═══ Task data
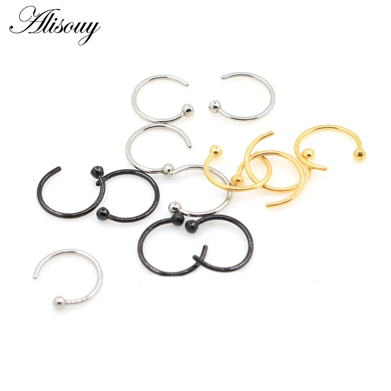 Кольцо Alisouy из нержавеющей стали с имитацией пирсинга женское, Ювелирное Украшение для ноздрей, носа, клипса на украшения для носа и тела, 7 цветов, 1 шт.
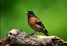 燕雀属小型鸟类,体长14-17厘米。嘴粗壮而尖,呈圆锥状。雄鸟从头至背辉黑色,背具黄褐色羽缘。腰白色,颏、喉、胸橙黄色,腹至尾下覆羽白色,两胁淡棕色而具黑色斑点。两翅和尾黑色,翅上具白斑。…全部>>
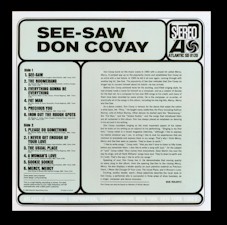 "See-Saw" track listing: (side 1) 1.) Seesaw (Don Covay - Steve Cropper) - 2:57 rating: **** stars Admittedly, just like she appropriated Otis Redding's "Respect" Aretha Franklin made her version of "See Saw" the standard. Still, Covay's version came in a close second. Written with guitarist Steve Cropper and recorded with the cream of Stax studio musicians, it was easily one of his finest performances. Admittedly his raspy Rufus Thomas styled backing vocals were unusual, but decades after it was recorded the performance still jumps with joy and energy. Worth the price of the album on its own.
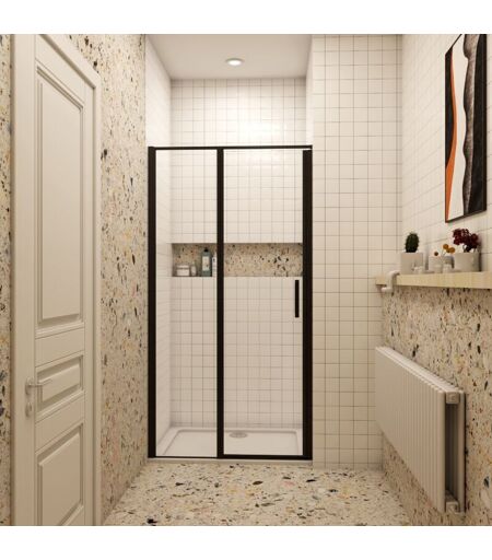 AICA SANITAIRE Porte de douche pivotante 90x185cm profilé en alu noir
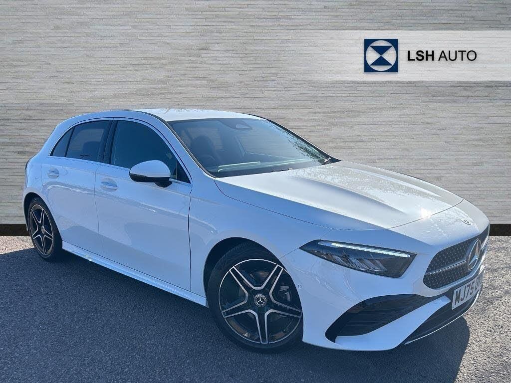 This Mercedes Benz A Class boasts a full dealership service history and remains manufacturer approved, offering peace of mind for its next owner. This 2025 A180h AMG Line (Executive) model features a 1.3L petrol hybrid engine, meeting Euro 6 emissions standards. It comes with a substantial 28 month warranty and an MOT valid until September 2028, having had only one owner from new. Notable features include Keyless Go for effortless entry and starting, dual Bluetooth interfaces for seamless connectivity, and convenient wireless phone charging. For enhanced safety, it is equipped with Blind Spot Assist, and the heated front seats ensure comfort during colder journeys.The A Class offers a dynamic driving experience, accelerating from 0 to 62mph in just 9.2 seconds, demonstrating its responsive performance. This acceleration figure highlights its capability compared to other vehicles in its class. Furthermore, the generous boot space provides ample room for luggage or shopping, making it a practical choice for everyday use. The combination of its advanced technology, comfort features, and strong provenance makes this Mercedes Benz A Class a compelling option.-*EXECUTIVE, SAT NAV, AMG LINE*-Mercedes-Benz A Class A180 AMG Line Executive 5dr Auto-LSH Auto UK Ltd - An LSH Group Company. The Worlds Largest Retailer of Mercedes-Benz Passenger Cars
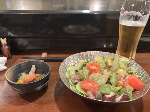 付き出し、海鮮アボカドサラダ、鳥軟骨唐揚げ、焼きエリンギポン酢、炙り鯛お茶漬け、生ビール、日本酒の浦霞
══════
- How to complete this task
Starting with the line that contains "燕雀属小型鸟类,体长14-1" and finishing with the line that contains "AICA SANITAIRE Porte", reproduce every line of the material above exactly, but not the pictures.

- Result of the exercise
 燕雀属小型鸟类,体长14-17厘米。嘴粗壮而尖,呈圆锥状。雄鸟从头至背辉黑色,背具黄褐色羽缘。腰白色,颏、喉、胸橙黄色,腹至尾下覆羽白色,两胁淡棕色而具黑色斑点。两翅和尾黑色,翅上具白斑。…全部>>
 "See-Saw" track listing: (side 1) 1.) Seesaw (Don Covay - Steve Cropper) - 2:57 rating: **** stars Admittedly, just like she appropriated Otis Redding's "Respect" Aretha Franklin made her version of "See Saw" the standard. Still, Covay's version came in a close second. Written with guitarist Steve Cropper and recorded with the cream of Stax studio musicians, it was easily one of his finest performances. Admittedly his raspy Rufus Thomas styled backing vocals were unusual, but decades after it was recorded the performance still jumps with joy and energy. Worth the price of the album on its own.
 AICA SANITAIRE Porte de douche pivotante 90x185cm profilé en alu noir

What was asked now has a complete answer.